What version of collector/language SDK version did you use? Version: Custom layer-collector/0.8.0 + datadogexporter from v0.103.0

What language layer did you use? Config: None. It is a custom runtime that includes the binary in extensions.

Additional context Here is my configuration file:

receivers:
  otlp:
    protocols:
      grpc:
        endpoint: "127.0.0.1:4317"
  hostmetrics:
    collection_interval: 60s
    scrapers:
      paging:
        metrics:
          system.paging.utilization:
            enabled: true
      cpu:
        metrics:
          system.cpu.utilization:
            enabled: true
      disk:
      filesystem:
        metrics:
          system.filesystem.utilization:
            enabled: true
      load:
      memory:
      network:
      processes:

exporters:
  datadog:
    api:
      key: ${secretsmanager:infrastructure/datadog_api_key}
    sending_queue:
      enabled: false
    tls:
      insecure: true
      insecure_skip_verify: true

connectors:
  datadog/connector:
      
processors:
  resourcedetection:
    detectors: ["lambda", "system"]
    system:
      hostname_sources: ["os"]
  transform:
    log_statements:
      - context: resource
        statements:
          - delete_key(attributes, "service.version")
          - set(attributes["service"], attributes["service.name"])
          - delete_key(attributes, "service.name")
      - context: log
        statements:
          - set(body, attributes["exception.message"]) where attributes["exception.message"] != nil
          - set(attributes["error.stack"], attributes["exception.stacktrace"]) where attributes["exception.stacktrace"] != nil
          - set(attributes["error.message"], attributes["exception.message"]) where attributes["exception.message"] != nil
          - set(attributes["error.kind"], attributes["exception.kind"]) where attributes["exception.kind"] != nil
service:
  telemetry:
    logs:
      level: "debug"
  pipelines:
    traces:
      receivers: [otlp]
      processors: [resourcedetection]
      exporters: [datadog/connector]
    traces/2:
      receivers: [datadog/connector]
      exporters: [datadog]
    metrics:
      receivers: [hostmetrics, otlp]
      processors: [resourcedetection]
      exporters: [datadog]
    logs:
      receivers: [otlp]
      processors: [resourcedetection, transform]
      exporters: [datadog]

Enabling/disabling sending_queue does not seem to do anything to prevent the errors. I did noticed that if I hit the service continuously some traces do get sent, but only a few.

What I discarded as potential solutions:

  1. Connectivity issues. DataDog has an API Key validation API calls that succeeds. If the service is hit constantly some traces get thru.

3miliano avatar Jun 29 '24 20:06 3miliano

Any reason you're not using the batch processor? That would probably help.

tylerbenson avatar Jul 11 '24 22:07 tylerbenson

@3miliano I think it is because of container freeze right after invocation complete and with those configs you have shared, collector is not aware of Lambda lifecycle. So as @tylerbenson suggested, using batch processor (so it will activate decouple processor by default) right before Datadog exported should resolve your problem.

serkan-ozal avatar Aug 28 '24 22:08 serkan-ozal

@serkan-ozal we are in a similar situation where we see ClientTimeouts very very often, especially with cold starts.

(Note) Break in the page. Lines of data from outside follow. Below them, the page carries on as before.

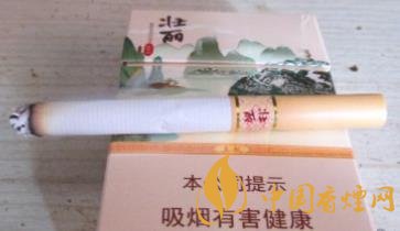 真龍壯麗香煙的畫面是以桂林山水為畫面,5包煙連在一起就是桂林山水全景圖。這包煙以象鼻山為畫面,山清水秀,竹排漁人,泛排江上,清新怡然,悠悠正在。煙支包裝簡約大方,在過濾嘴和煙的交接處有兩個(gè)金線圈,在圈中間豎寫著壯麗兩個(gè)字。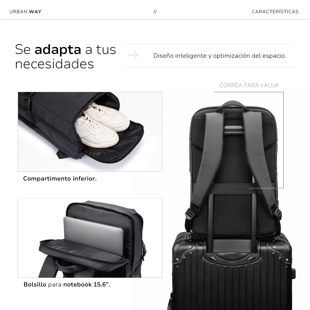 - Compartimento inferior tipo botinero : Perfecto para llevar un par de zapatillas u otros accesorios esenciales.
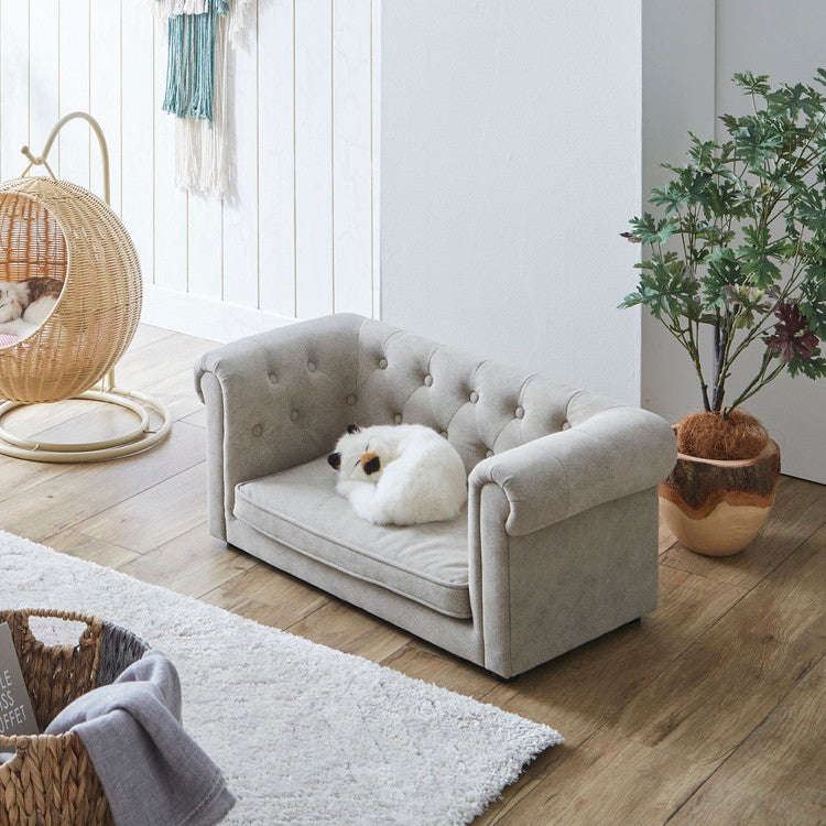 ペット用 猫 犬 ミニソファ 引っかき耐性 はっ水生地 グレー チェスターフィールド風ソファ ペットソファ ペット用ソファ ペット 家具 ペット用家具 おしゃれ(代引不可)

If I run a perf test with many threads pounding my lambda, I do not observe this behavior.

We have tested against v0.91 and also v 0.119

receivers:
  otlp:
    protocols:
      grpc:
        endpoint: "localhost:4317"
      http:
        endpoint: "localhost:4318"
 
 
exporters:
  debug:
    verbosity: detailed
  otlphttp:
    endpoint: https://enterprise.x.com:1234
    retry_on_failure:
      initial_interval: ${env:ENT_OTEL_INITIAL_INTERVAL}
      max_interval: ${env:ENT_OTEL_MAX_INTERVAL}
      max_elapsed_time: ${env:ENT_OTEL_MAX_ELAPSED_TIME}
    timeout: ${env:ENT_OTEL_TRANSPORT_TIMEOUT}
    sending_queue:
      queue_size: 5000
 
processors:
  decouple:
    max_queue_size: 5000
 
service:
  pipelines:
    traces:
      receivers: [otlp]
      exporters: [debug, otlphttp]
      processors: [decouple]
    metrics:
      receivers: [otlp]
      exporters: [debug, otlphttp]
      processors: [decouple]

We are on AWS cloud, the gateway is behind an ALB and tried we running a telnet client from the lambda to our ALB; that came back very quickly, < 40ms but this otlphttp exporter fails even at 100ms or higher. At 2000ms, it always works.

Seeking suggestions.

bhaskarbanerjee avatar Mar 21 '25 19:03 bhaskarbanerjee

Hi @bhaskarbanerjee,

I am a little bit lost here. Are you saying that otlphttp exporter works without any issue when its timeout is set to 2000 ms, but fails with timeout if its timeout limit set to 100 ms?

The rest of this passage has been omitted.